A goal of this wiki space is to provide a forum for illustrating Exceptional Events as defined the the EE Rule. For the illustrations, specific events need to be selected that are both illustrative and relevant. This page contains an evolving list of candidate air qualitiy events that may have characteristics of Exceptional Events as defined the the EE Rule. Some of the listed events have already been handled by the regulatory process.

Contents


Events in Region 1

Contacts:

Events in Region 2

Contacts:

Events in Region 3

Contacts:

Events in Region 4

Contacts:

In the prepapratory phases of the EE Rule, considerable analyses were conducted to evaluate a list candidate exceptional events submitted by the States GA/TN and SC. All the requested exemptions were attributed to smoke impacts.
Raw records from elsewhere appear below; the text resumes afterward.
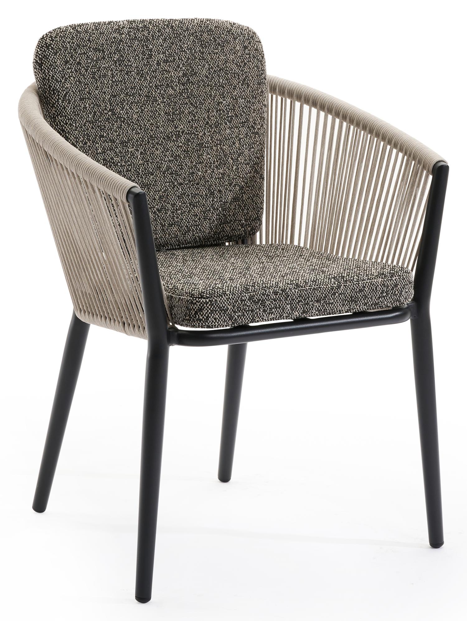 Productomschrijving Orso tuinstoel in zwart aluminium en beige verticaal geweven vlakke rope met kussen in marbella tunder All Weather Cosytica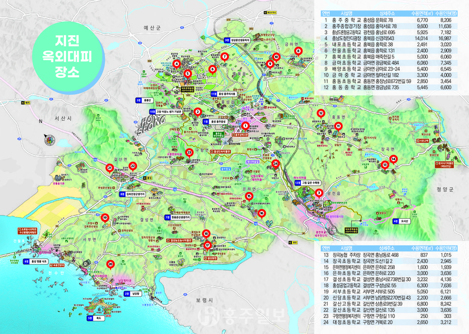 홍성군이 군민들에게 ‘지진 옥외대피장소’의 위치와 관련정보를 안내해주는 안내지도<사진>를 제작·배부한다.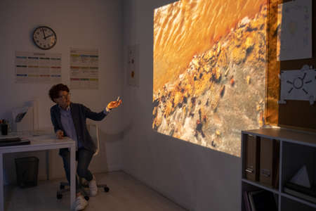 Young teacher pointing at polluted water during video presentation about environmental protection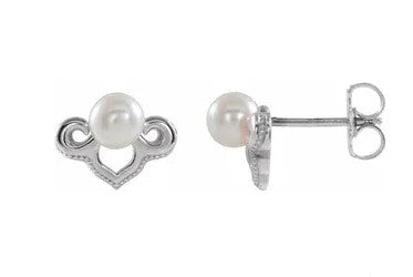 Sterling Silver elegant post earrings, featuring Cultured Pearls and an open design.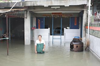 在隘寮溪沿岸的萬(wàn)丹鄉(xiāng),也因溪水溢流成了澤國(guó),“去年‘莫拉克’淹水也沒(méi)這次大!”鄉(xiāng)長(zhǎng)郭寶聯(lián)說(shuō),這次興化部落全村水深高過(guò)一層樓,以往從來(lái)沒(méi)有過(guò);還有甘棠村從未淹水,這次也躲不過(guò),警消救出上百名受困民眾。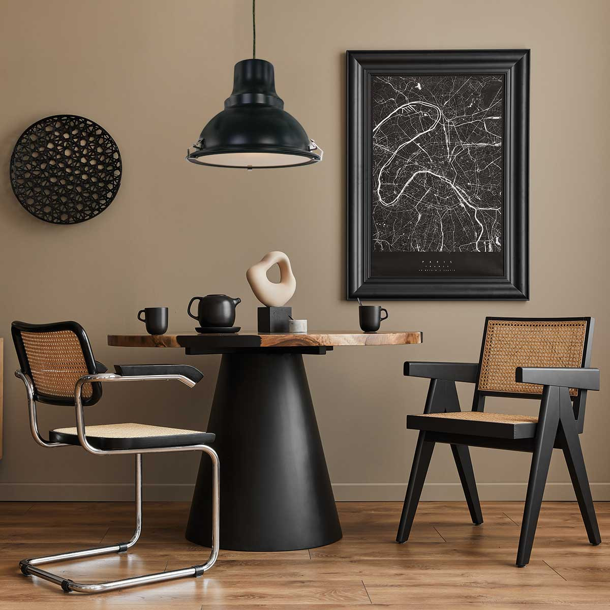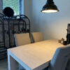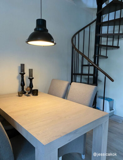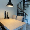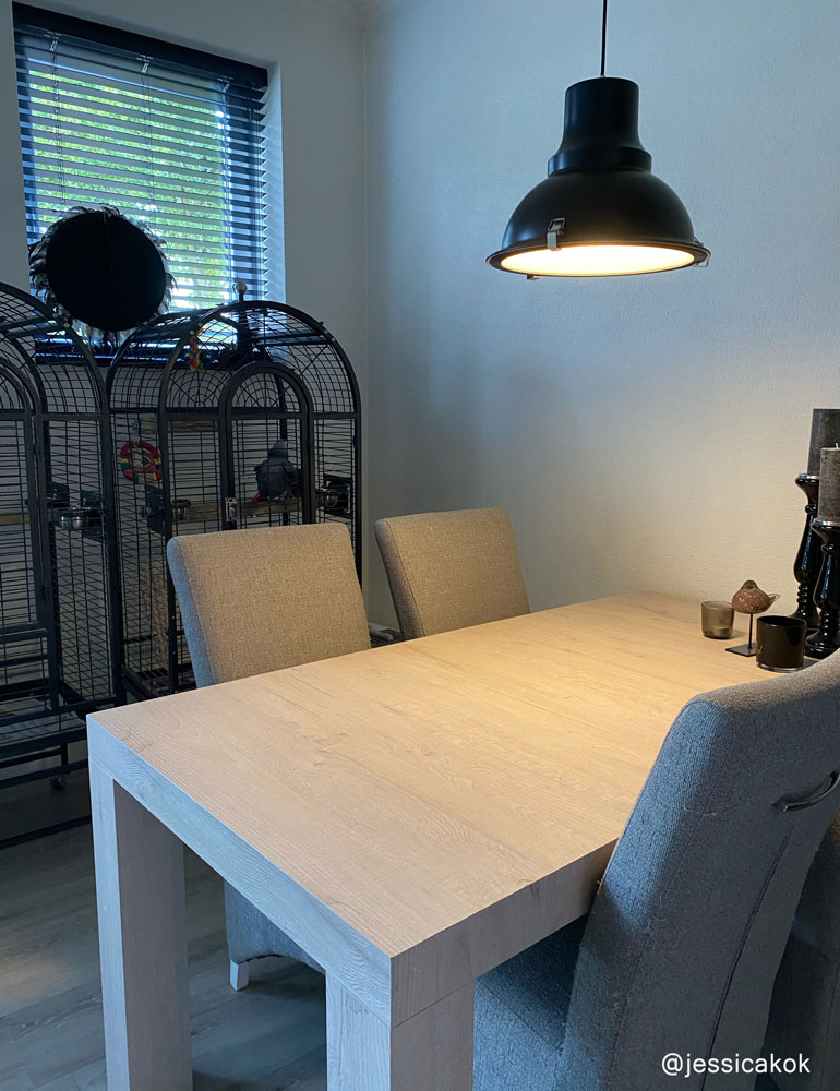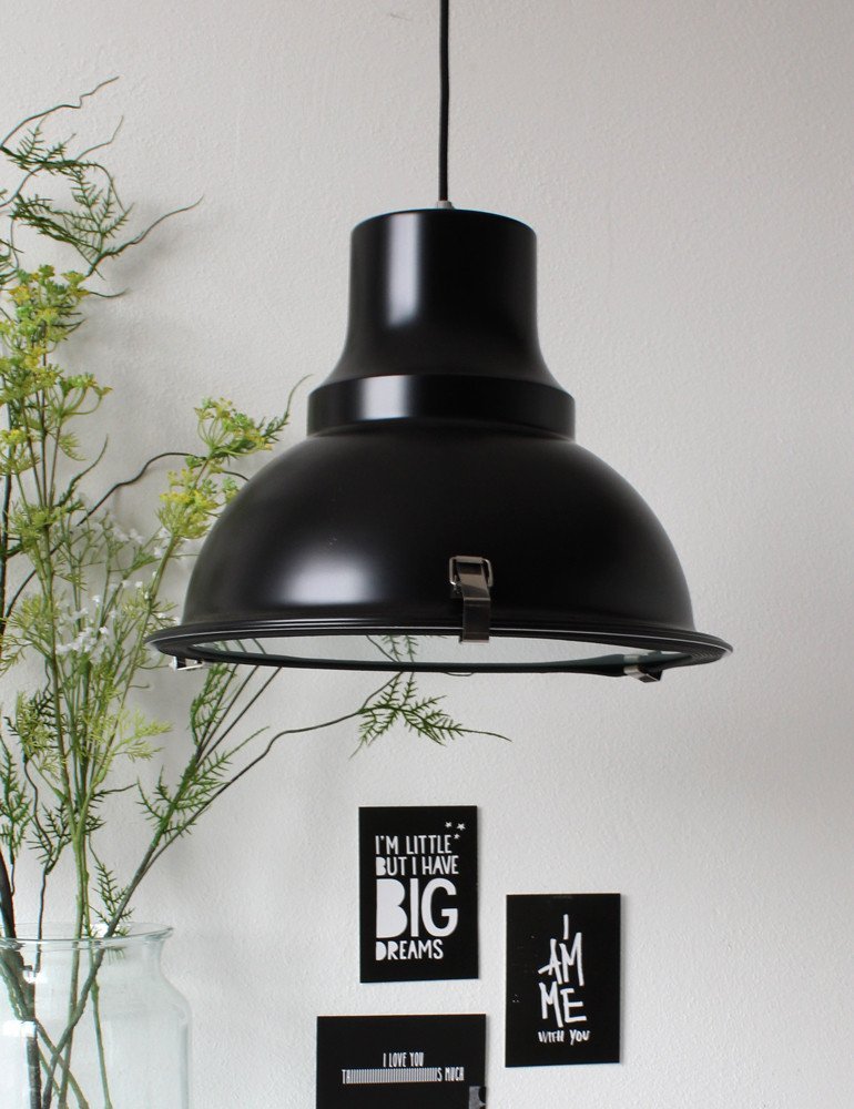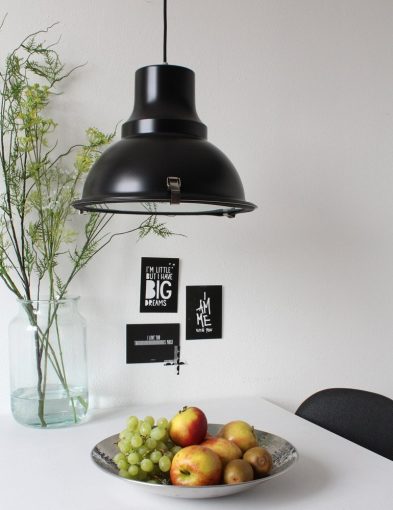 Eine schöne Pendelleuchte über dem Esstisch, einer Bar oder Theke. Die Farbe macht das Kombinieren sehr einfach. Das trendige Aussehen sorgt dafür, dass die Lampe ein schöner Blickfang ist, zum Beispiel über einem Tisch aus Altholz.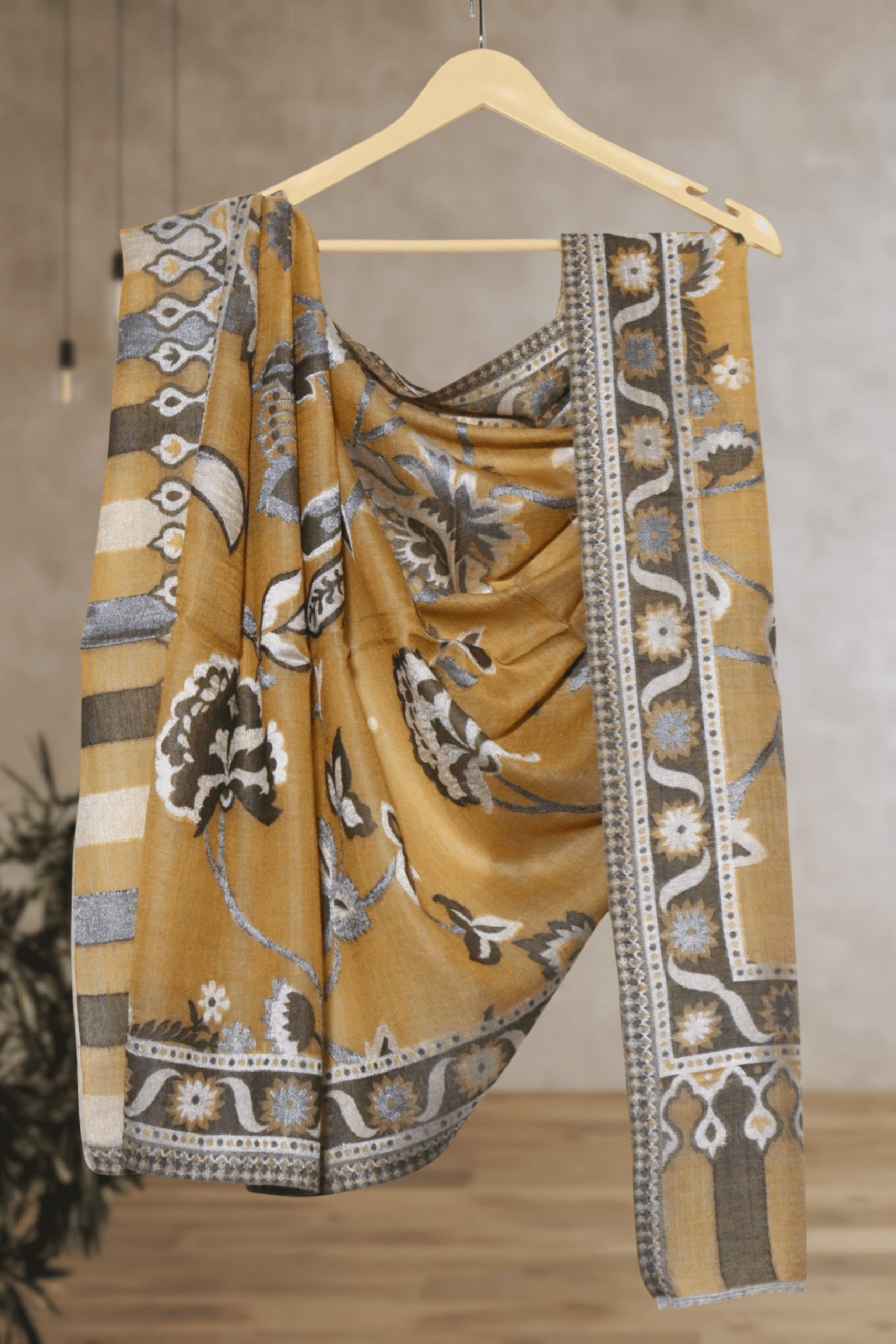 - Design: Densely woven traditional patterns covering the entire stole, known as “Poshkaar” for its full and rich design.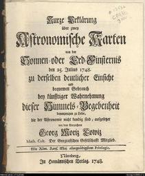 | Keywords: Kurze Erklärung über zwei astronomische Karten von der Sonnen.jpeg en The title page of the book Kurze Erklärung über zwei astronomische Karten von der Sonnen Nürnberg 1748 ru Титульная ст аница книги Kurze Erklärung über zwei astronomische Karten von der Sonnen ю нбе г 1748 National Library of Australia http //nla gov au/nla map-rm3669-s1-e author 1748 PD-old-100 Title pages from Germany 1748 books Georg Moritz Lowitz | ||||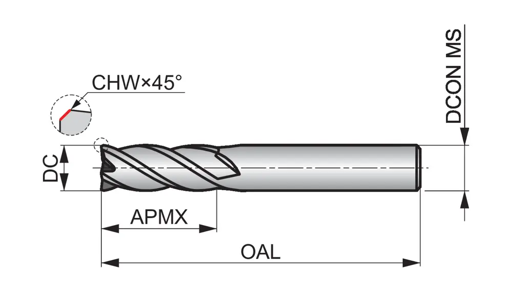 Короткая концевая фреза с 4 канавками, диаметром 16 мм, длиной резания 32 мм, общей длиной 92 мм и скошенными под углом 45° кромками толщиной 0,2 мм, в соответствии со стандартом DIN 6527 L, с гладким хвостовиком 16 мм, из твердого сплава с покрытием AlCrN, углом спирали 34° и углом заточки 9°, предназначена для фрезерования и врезания в сталь и литую сталь, ферритную и мартенситную нержавеющую сталь, чугун и медь или медные сплавы.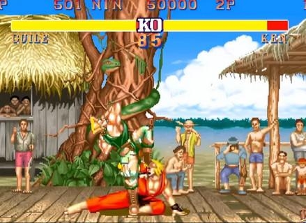 1、《街头霸王2:天下斗士》是《街霸2》的最初版本,只能选择基础的八名格斗家,虽然最后也要挑战四强,但却不能直接选用。印象里最早流传的版本伤害度非常恐怖,一个升龙拳就能打掉对手50%体力,且各人的出招硬直较大,会用的觉得很好用,不懂的就感觉难度太高。还有这个版本中的隆主场朱雀城,孙子兵法中“风林火山”的牌匾是可以破坏的。这个版本最为人所熟知的无疑是古列的“无影投”以及堪称无敌AT领域的“金鸡独立”。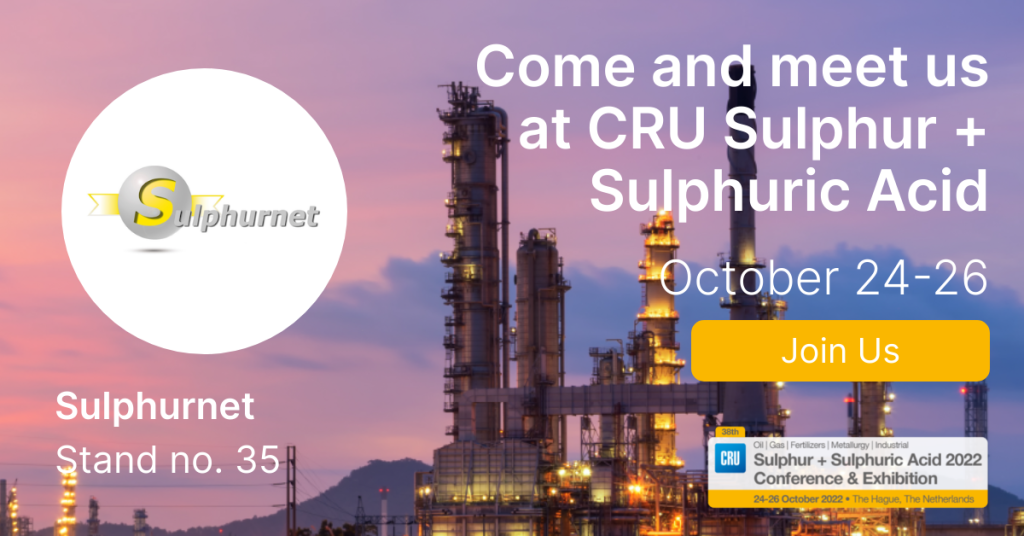 Sulphurnet will be attending the Sulphur + Sulphuric Acid 2022 Conference & Exhibition at the World Forum The Hague between 24 and 26 October. It will be a great pleasure to meet again in person.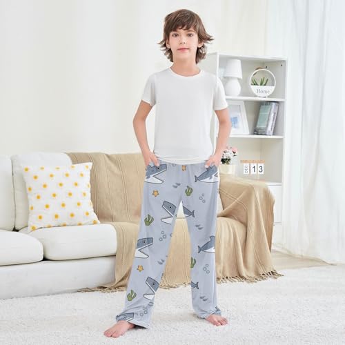 Shark Cartoon Boys Pants Boys Athletic Pants Long Pant for Boywith Pockets Wide-Leg Size 6-14Y 6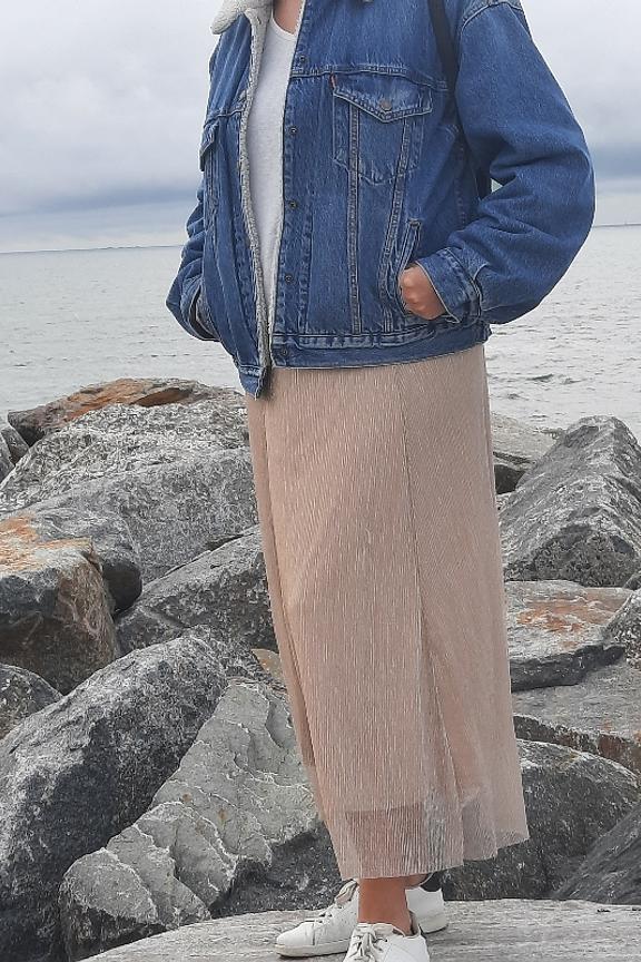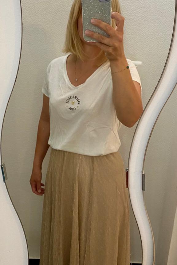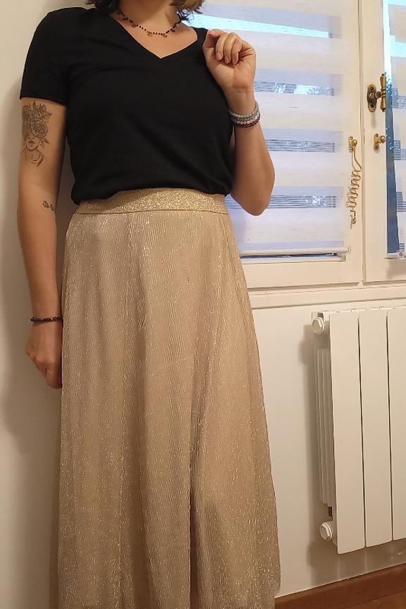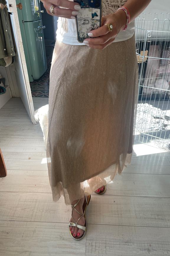 โข Jupe en tulle et doublure dorรฉ โข Finition brillante โข Coupe fluide โข Longueur midi

These analyses, conducted by Husar et. al.(2005), were incuded in the Docket of the EE Rule.

Events in Region 5

Contacts:

Events in Region 6

Contacts: The principal contact for this in Region 6 is Jim Afghani

The Texas Commisssion of Environmental Quality is maintaining a comprehensive list of air pollution events occurring in Texas. The event documentation begun in 2000 and include ozone, fire as well as dust events from local (TX/NM/Mexico) and distant (Sahara) sources. There is extensive documentation provided from satellite (incl. animations) and surface pollutant monitors, wether data, webcams and other data sources. The Texas collection is an outstanding, rich resource for event selection.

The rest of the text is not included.